### The problem
Everything below from the line with "Completely remodeled in" through the line with "Inclusief plinten, stelpoten en werkblad" should be copied exactly, and nothing else; leave out the pictures.

### Working data
.....
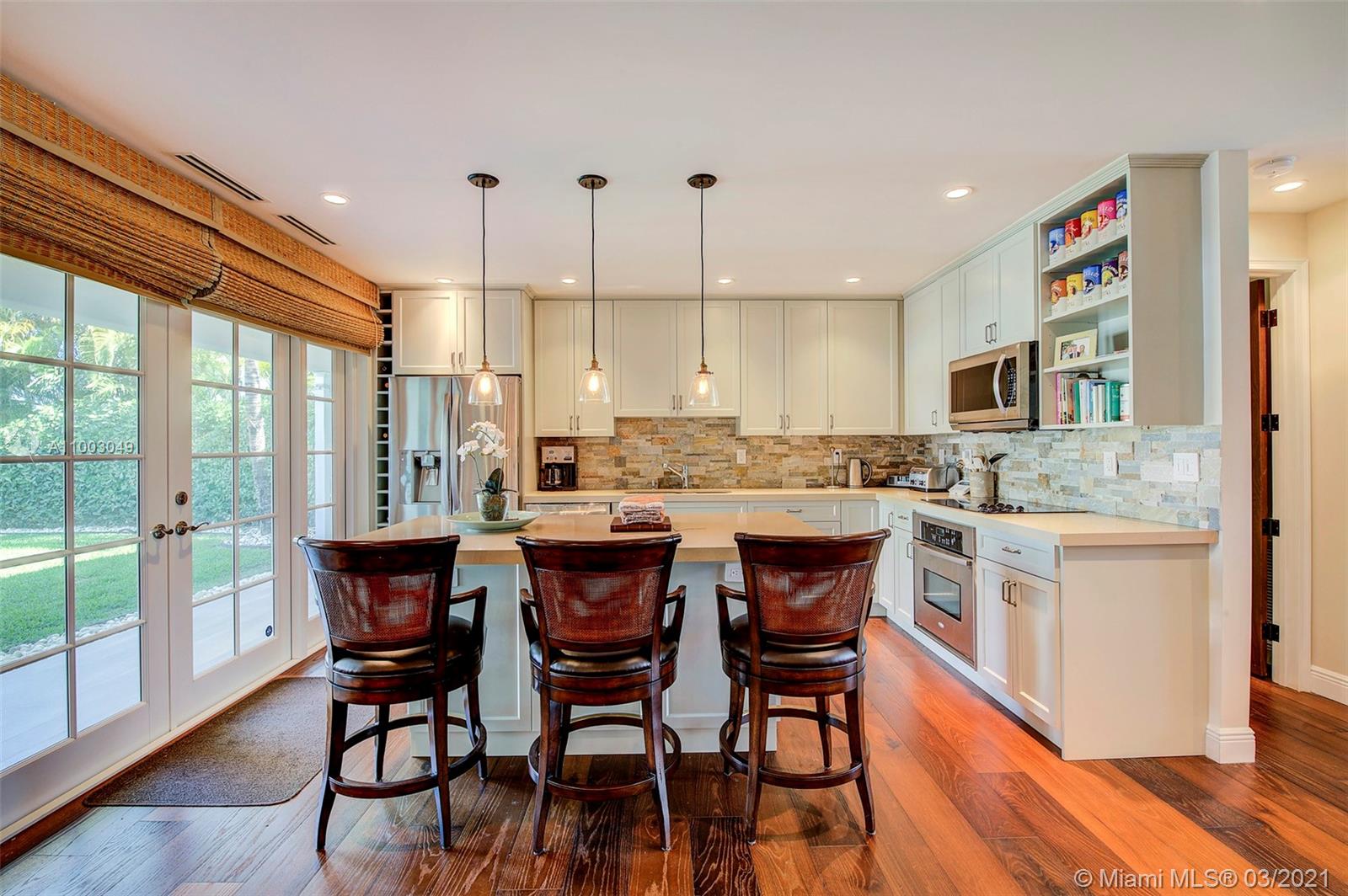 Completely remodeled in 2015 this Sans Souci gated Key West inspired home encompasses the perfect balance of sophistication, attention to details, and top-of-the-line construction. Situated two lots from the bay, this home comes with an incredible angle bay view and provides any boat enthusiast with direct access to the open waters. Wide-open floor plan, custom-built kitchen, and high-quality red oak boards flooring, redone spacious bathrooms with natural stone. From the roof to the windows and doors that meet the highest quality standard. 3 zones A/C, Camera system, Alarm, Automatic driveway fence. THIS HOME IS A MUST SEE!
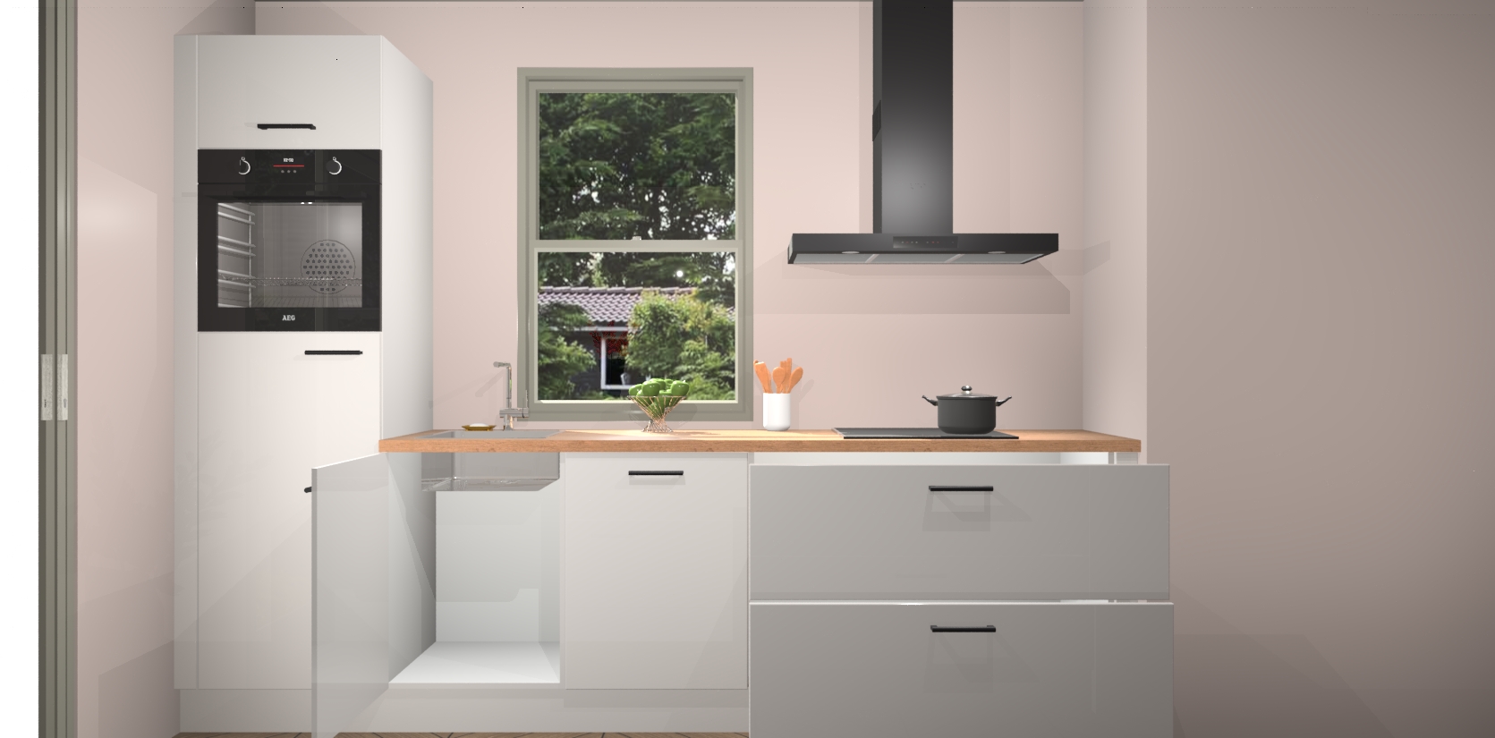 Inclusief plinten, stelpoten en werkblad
.....
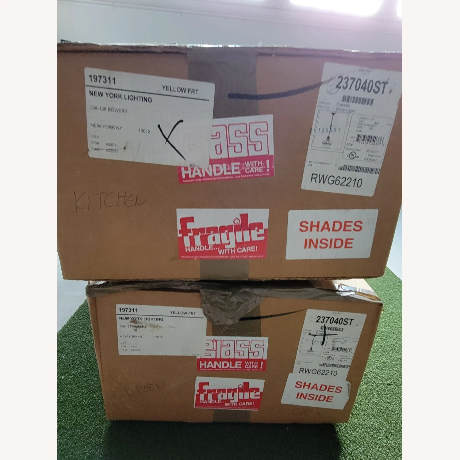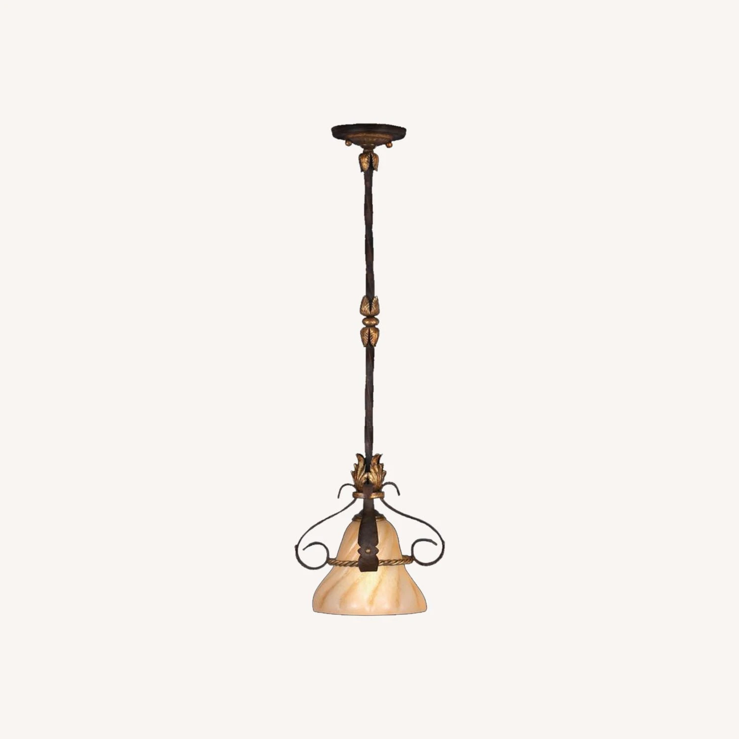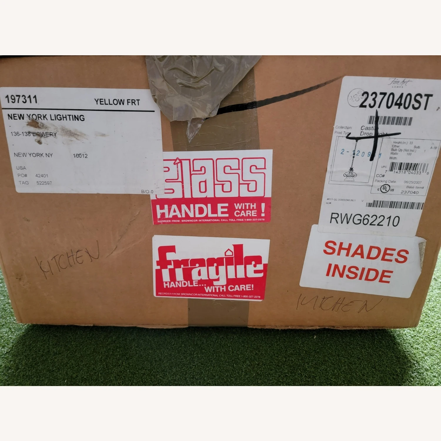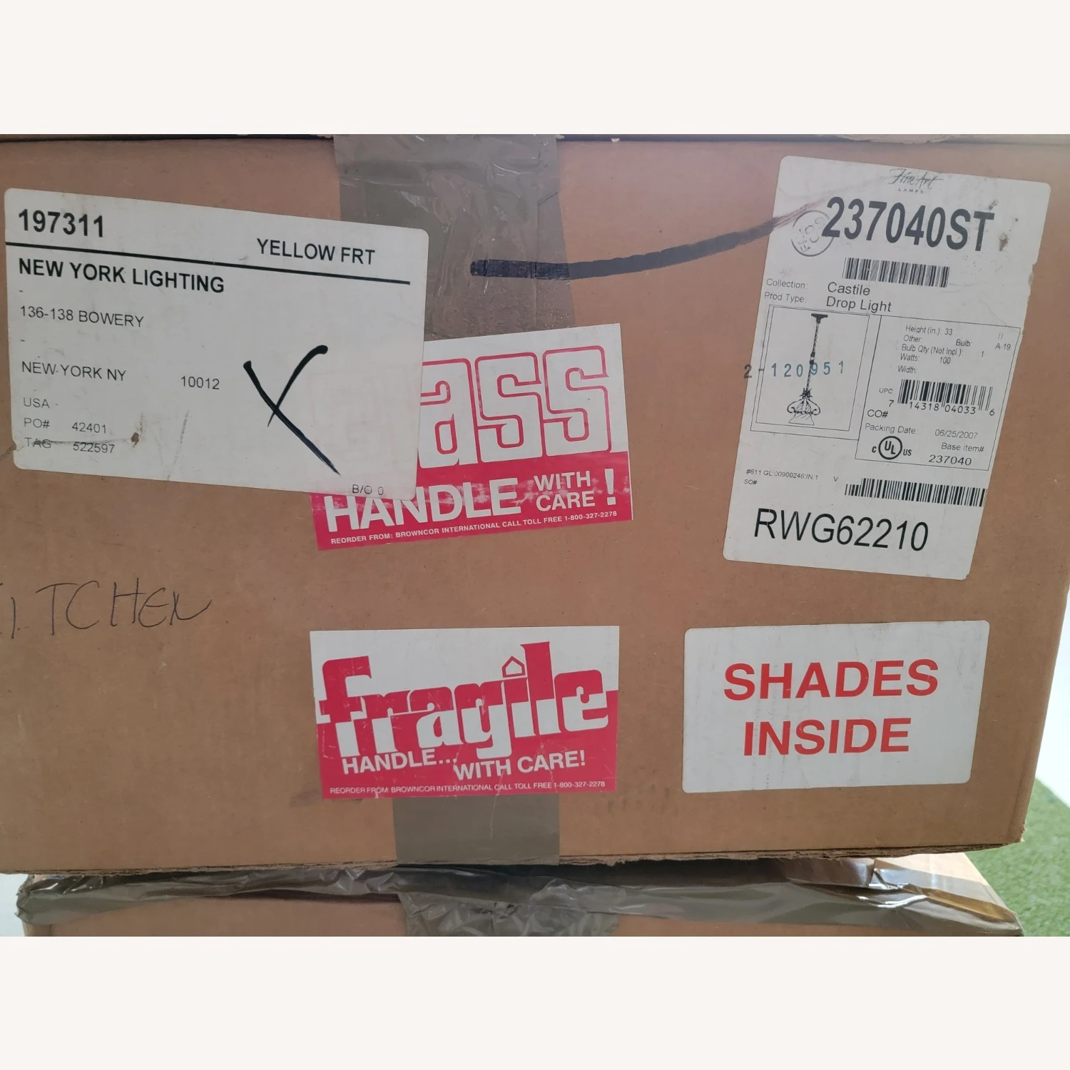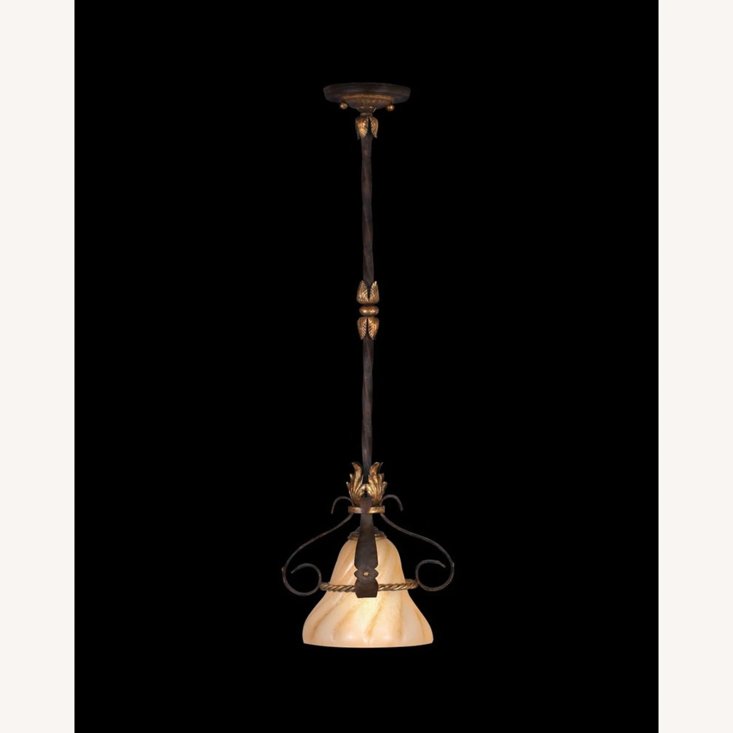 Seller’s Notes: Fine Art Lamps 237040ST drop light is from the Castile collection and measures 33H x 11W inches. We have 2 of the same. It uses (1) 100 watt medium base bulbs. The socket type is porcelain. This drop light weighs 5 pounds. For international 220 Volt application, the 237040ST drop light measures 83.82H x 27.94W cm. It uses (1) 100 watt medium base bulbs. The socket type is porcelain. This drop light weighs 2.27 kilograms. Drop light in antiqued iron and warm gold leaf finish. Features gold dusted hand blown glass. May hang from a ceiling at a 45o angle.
.....
### Result of this task
 Completely remodeled in 2015 this Sans Souci gated Key West inspired home encompasses the perfect balance of sophistication, attention to details, and top-of-the-line construction. Situated two lots from the bay, this home comes with an incredible angle bay view and provides any boat enthusiast with direct access to the open waters. Wide-open floor plan, custom-built kitchen, and high-quality red oak boards flooring, redone spacious bathrooms with natural stone. From the roof to the windows and doors that meet the highest quality standard. 3 zones A/C, Camera system, Alarm, Automatic driveway fence. THIS HOME IS A MUST SEE!
 Inclusief plinten, stelpoten en werkblad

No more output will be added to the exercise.